6. You’re making a video for it. Tell me about this video, and how the concept works into the lyrics and theme of the song?
I am really excited about the video. The band and I are recruiting a group of friends to send us videos of themselves singing this song, and we’re going to do a mash-up that mimics a Zoom room. The name of the song says it all, “all the friends that I have found.” It will also be an opportunity for them to send it to all of their friends once it is out.
7. How does this song compare to your other songs, both musically and lyrically?
Most of my songs are lyrically driven as I am kind of a, “three chords and the truth” guy. My band, the Reel Deel, takes a lot of credit for infusing various musical genres like country, jazz, funk, and rock to create a unique sound. A lot of my songs tell stories of the average guy and the slacker. This song is a different direction for me because life just boils down to one thing, and that is love… and that is what this song represents.
8. Anything I left out you’d love to cover?

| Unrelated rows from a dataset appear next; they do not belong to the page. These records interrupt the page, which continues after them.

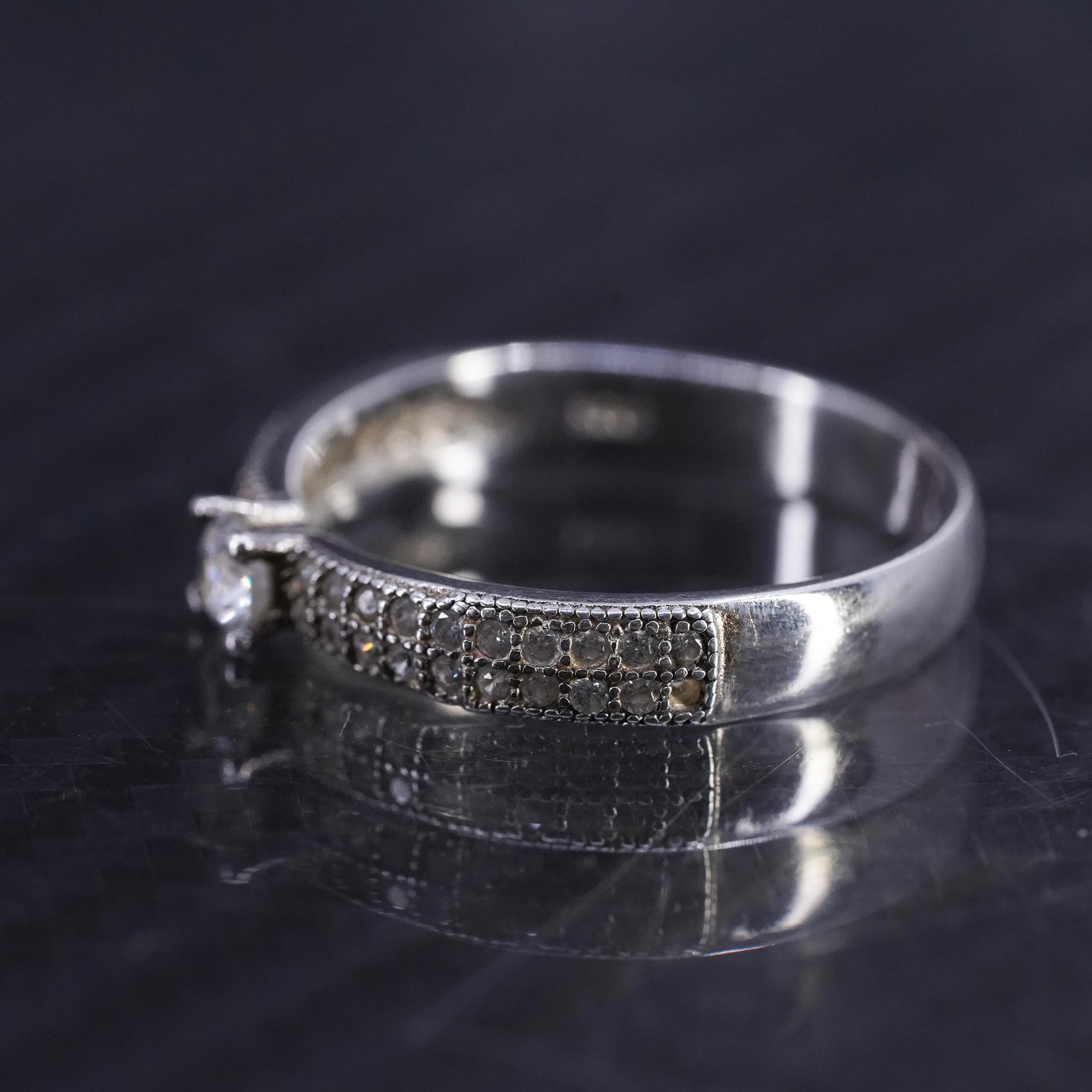 Size 7, vintage sterling silver 925 engagement ring with cluster cz
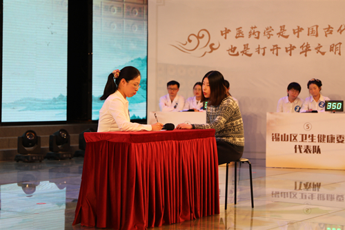 锡山区卫生健康委代表队由我院中医科熊鹰、区中医院吕薇和东北塘社区卫生服务中心金蕴三名选手组成。她们在必答题、抢答题和技能展示题的考察过程中,展现出扎实的基本功。在病案分析环节,我院熊鹰主治医师在短暂的4分钟问诊、作答过程中,流畅、精准地完成了一例妇科疾病的中医诊断,写明了其病名证型、辩证分析和治法方药,规范严谨的作答赢得了在场评委的一致好评。此外,在事宜技术题、中药识别题、宣教技能题环节,锡山代表队也展现出不俗实力,收获现场观众阵阵掌声。
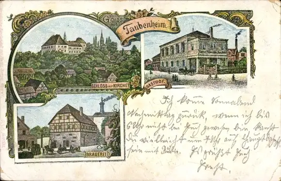 Litho Taubenheim Klipphausen in Sachsen, Schloss, Kirche, Gasthof, Brauerei
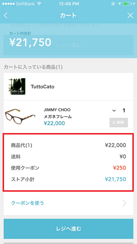 使用したクーポンの金額分が差し引かれた代金で注文確定。
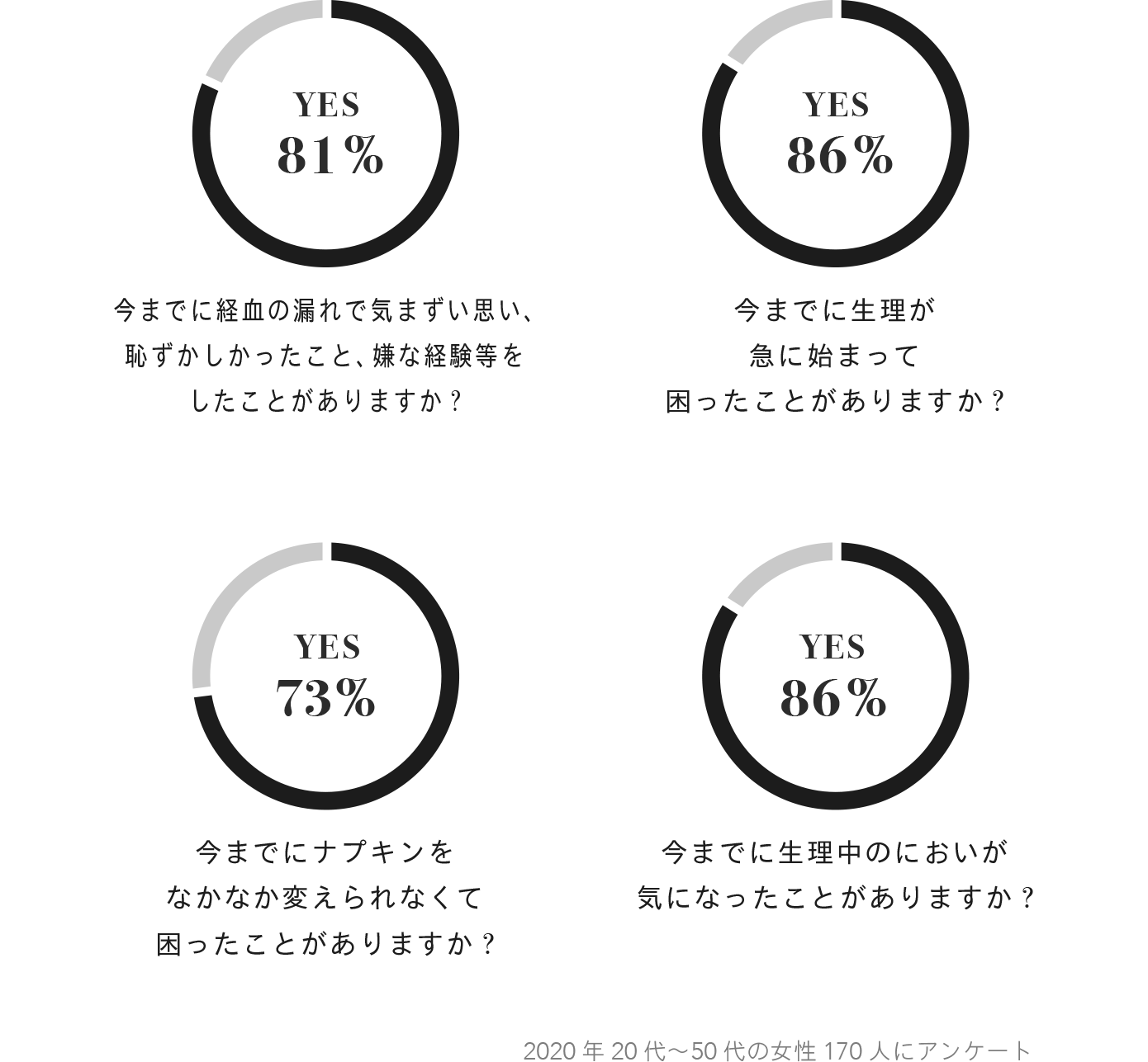 さらに、多忙や長時間勤務、着脱が容易ではない特殊服の着用などの理由から、ナプキンやタンポンを自由なタイミングで取り替えることができない状況では、その不安と不便さはより一層増すのではないでしょうか。

Again, a lot of credit goes out to Steve Drizos, who recorded and mixed the song, and my band members, without whom I would have never performed or recorded the song, those guys are the Reel Deel for sure. Also, my son did the handprint image on the cover, and my wife took care of him while I ran off to the studio to record!More info about Brad Creel & The Reel Deel:
Hearing Brad Creel & the Reel Deel is like listening to a John Prine album while Merle Haggard is cooking in the kitchen, Gram Parsons is on the front porch, and Bigfoot is dancing in the front yard. As these artists are now dead (except Bigfoot), Brad has kept their sound alive by combining the musical styles to create a unique genre of music he calls, “Lava Lamp Country.”
Brad wrote and recorded his first acoustic album, “Reveeled” in 2008, a collection of smart and funny acoustic folk tunes. The Portland Mercury said this about Brad’s debut to Portland’s vibrant music scene. “Gifted with the pen, the punchline, and the guitar, local singer/songwriter Brad Creel’s husky voiced folk ballads harken back to a time when folk music had plenty of strumming jesters eager to tell a tale and collect some laughs along the way. Creel is a vulnerable performer with a deep sense of humor, one who isn’t afraid to turn the spotlight on his own imperfections.”
After successfully launching “Reveeled,” Brad formed his Americana band, Brad Creel & the Reel Deel. Brad and his new band created his second album, “Probably Not” in 2010, which was recorded on vintage gear, and this production helped shape the sound of Lava Lamp Country. Portland’s Willamette Week described Probably Not as, “a generous serving of honky-tonk heartbreak” and stated that it’s, “Creel’s silly, frequently self-deprecating lyrics that keep one listening—and laughing.”
In 2015, Brad Creel & the Reel Deel released, “Time and the Road,” which was recorded in a rural studio on beautiful Sauvie Island on the outskirts of Portland. This album expressed Brad’s love of Oregon and was a deepening of his band’s distinctive, alt-country sound. Brad is currently working with his band on recording a batch of new songs, scheduled to be released in the fall of 2020.
The Reel Deel band members include seasoned country rock drummer and vocalist Bob Hawkins, talented musician Mike Moore on guitar, mandolin and vocals, and multi-instrumentalist, Ben Grosscup, on bass. Brad and his band have performed over 300 gigs in the Northwest and continue to rely on their live sets to deliver a memorable show. Come see why the Oregonian said, “Brad Creel specializes in droll observations and barbed sentiments served up with deft honky-tonk touches: a tear in your beer with a side of wry toast.”